**TASK REQUIREMENTS**
Nothing but a verbatim copy of the data, minus the images, should be returned.

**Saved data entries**
- Opening Delimiter -

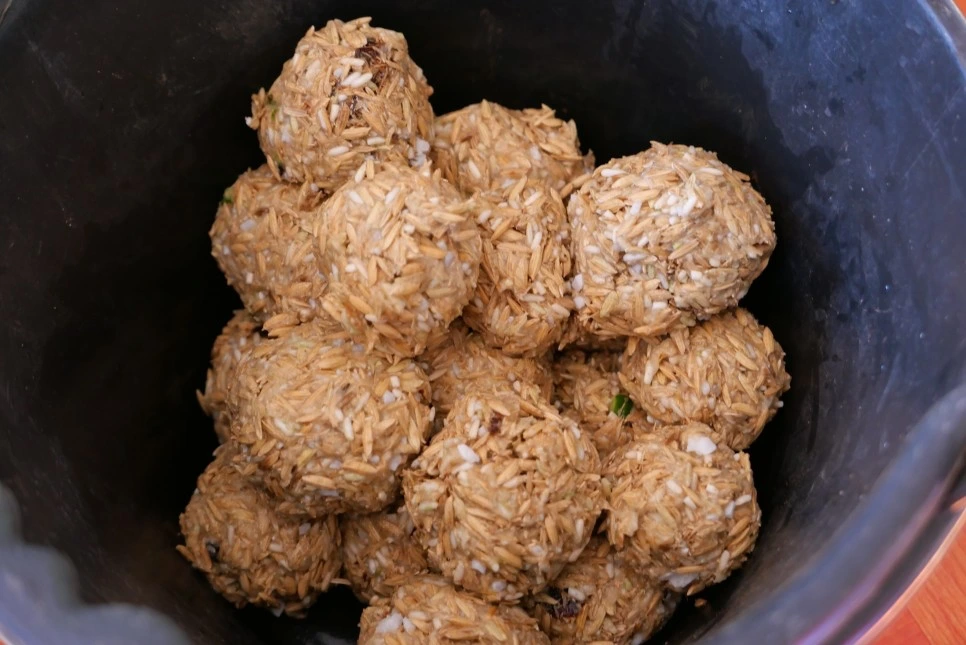 바나나, 통밀, 굵은소금, 타마린드, 웜우드 등 비타민이 풍부하고 기생충을 죽이는데 좋은 특별식을 직접 준비해 주먹밥처럼 만들어 코끼리를 만날 준비를 한다.
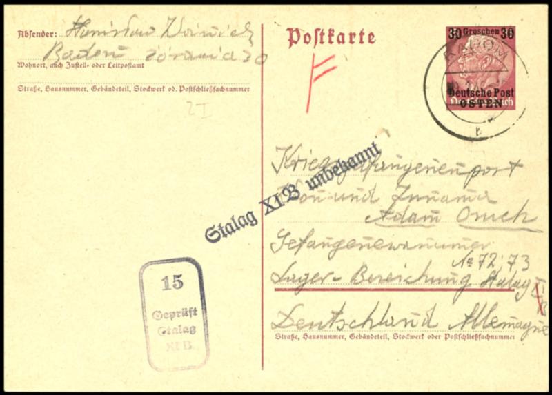 1 levs on 10 Stot postal stamp with overprint in type II, overprint flaw III "missing 1 in 1944", mint never hinged, very fine, expertized Krischke BPP and photo expertize Uwe Kleymann BPP "the condition is perfect. ", Michel 130.- (1III) (page)
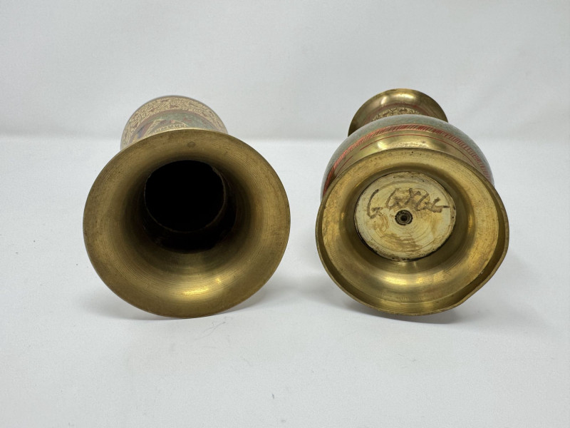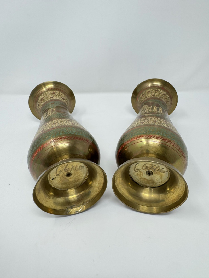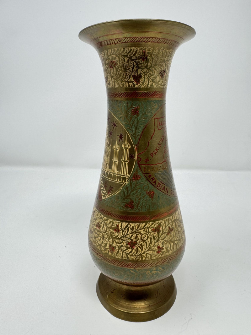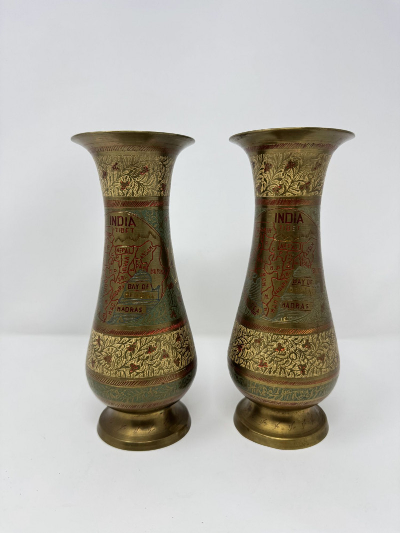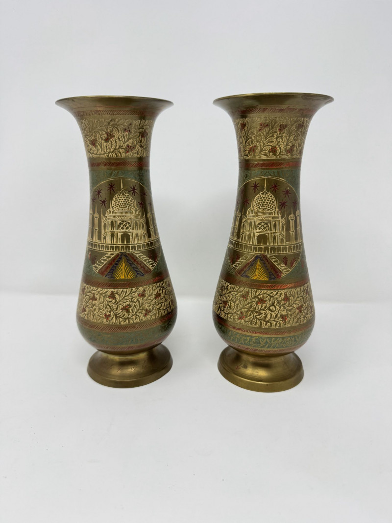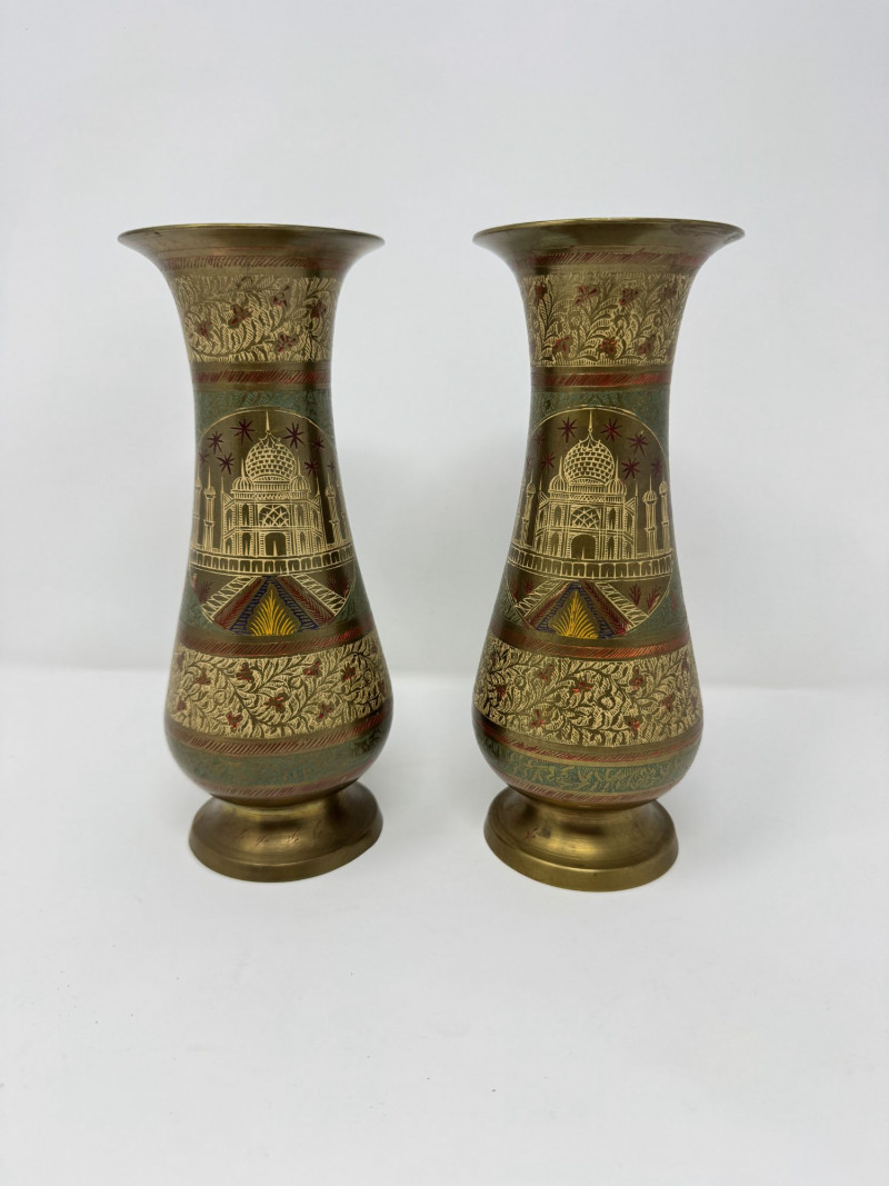 Antique Indian Brass Vases w/ Taj Mahal & Map Engraved Design.
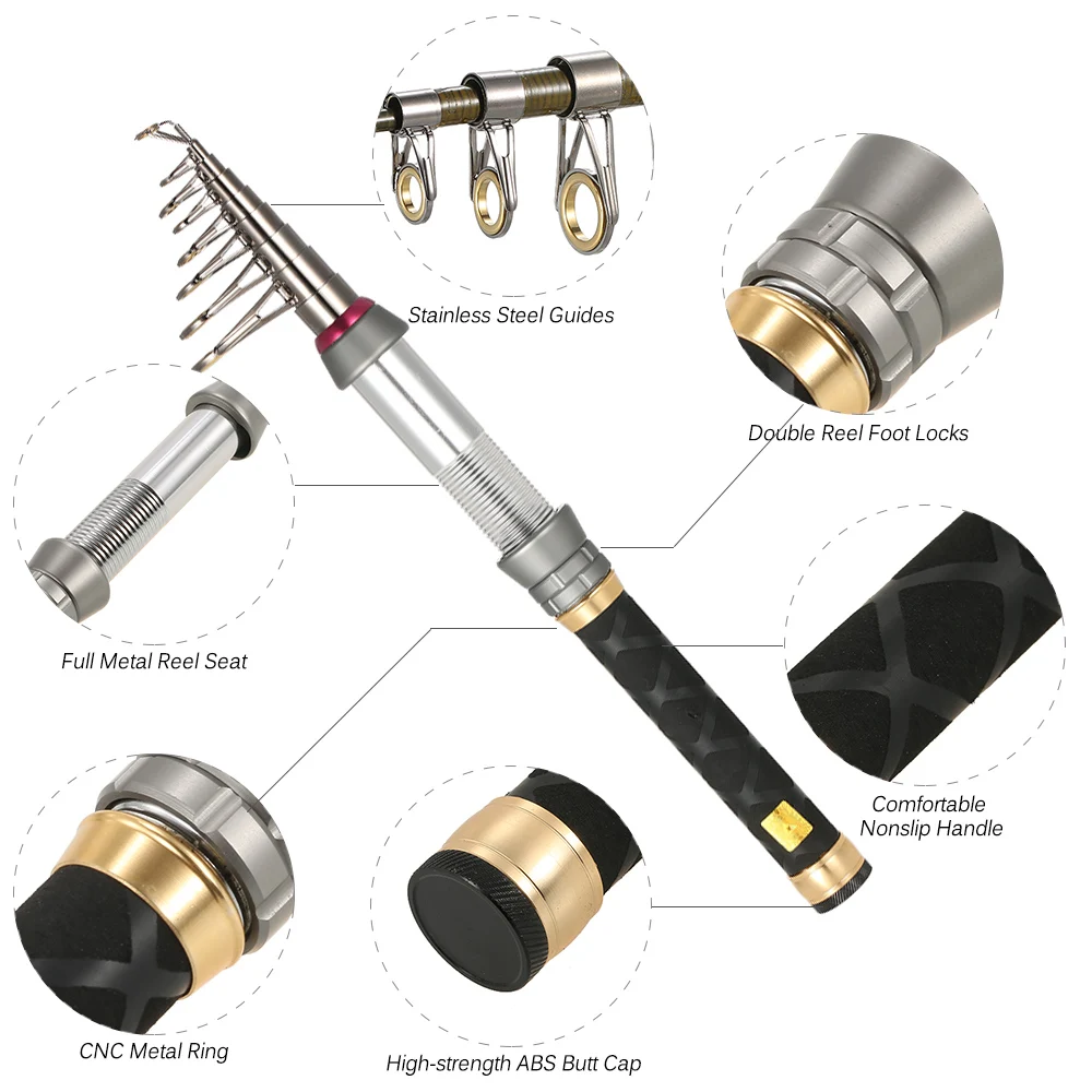 Полный комплект для рыбалки: телескопическая морская удочка, спиннинговая Рыболовная катушка, сумка для рыбалки, леска 100 м, различные приманки, рыболовные крючки, некоторые необходимые рыболовные аксессуары.
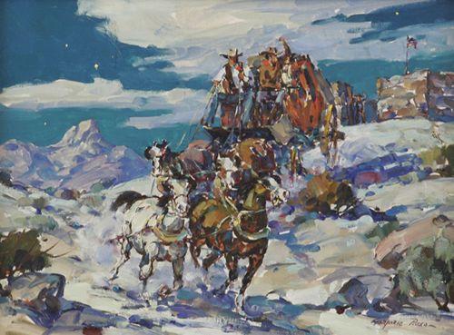 Marjorie Reed. (1915-1997). "The Butterfield Mail Leaving Cooke's Spring Station". 12" x 16". Oil. (est $2,000-3,000).
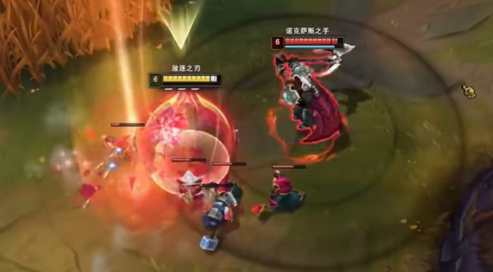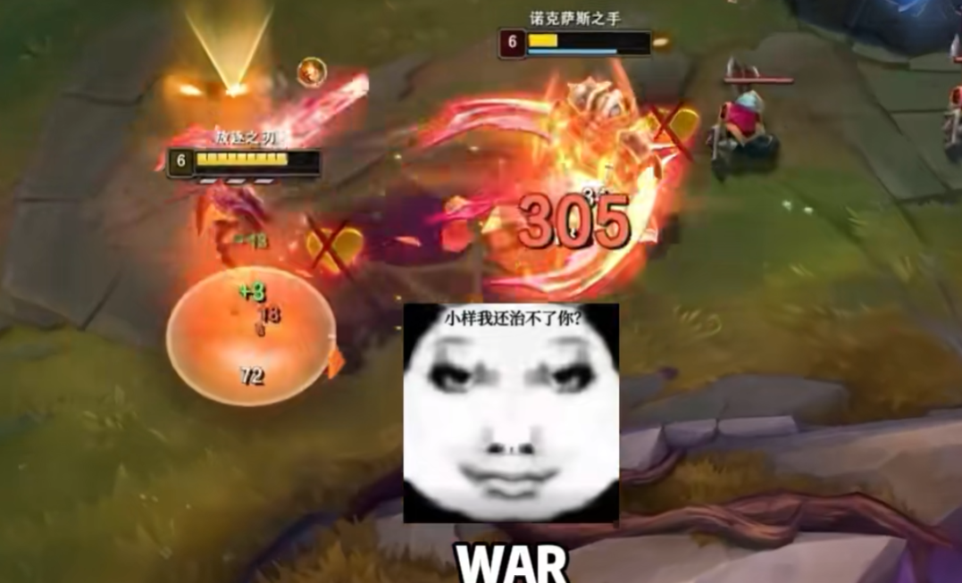 换血时机最佳的时候就是诺手用Q技能的时候,就可以上去凶他,避免Q回血,注意三段Q一定要在他E用完。

- Closing Delimiter -

**OUTPUT**
 바나나, 통밀, 굵은소금, 타마린드, 웜우드 등 비타민이 풍부하고 기생충을 죽이는데 좋은 특별식을 직접 준비해 주먹밥처럼 만들어 코끼리를 만날 준비를 한다.
 1 levs on 10 Stot postal stamp with overprint in type II, overprint flaw III "missing 1 in 1944", mint never hinged, very fine, expertized Krischke BPP and photo expertize Uwe Kleymann BPP "the condition is perfect. ", Michel 130.- (1III) (page)
 Antique Indian Brass Vases w/ Taj Mahal & Map Engraved Design.
 Полный комплект для рыбалки: телескопическая морская удочка, спиннинговая Рыболовная катушка, сумка для рыбалки, леска 100 м, различные приманки, рыболовные крючки, некоторые необходимые рыболовные аксессуары.
 Marjorie Reed. (1915-1997). "The Butterfield Mail Leaving Cooke's Spring Station". 12" x 16". Oil. (est $2,000-3,000).
 换血时机最佳的时候就是诺手用Q技能的时候,就可以上去凶他,避免Q回血,注意三段Q一定要在他E用完。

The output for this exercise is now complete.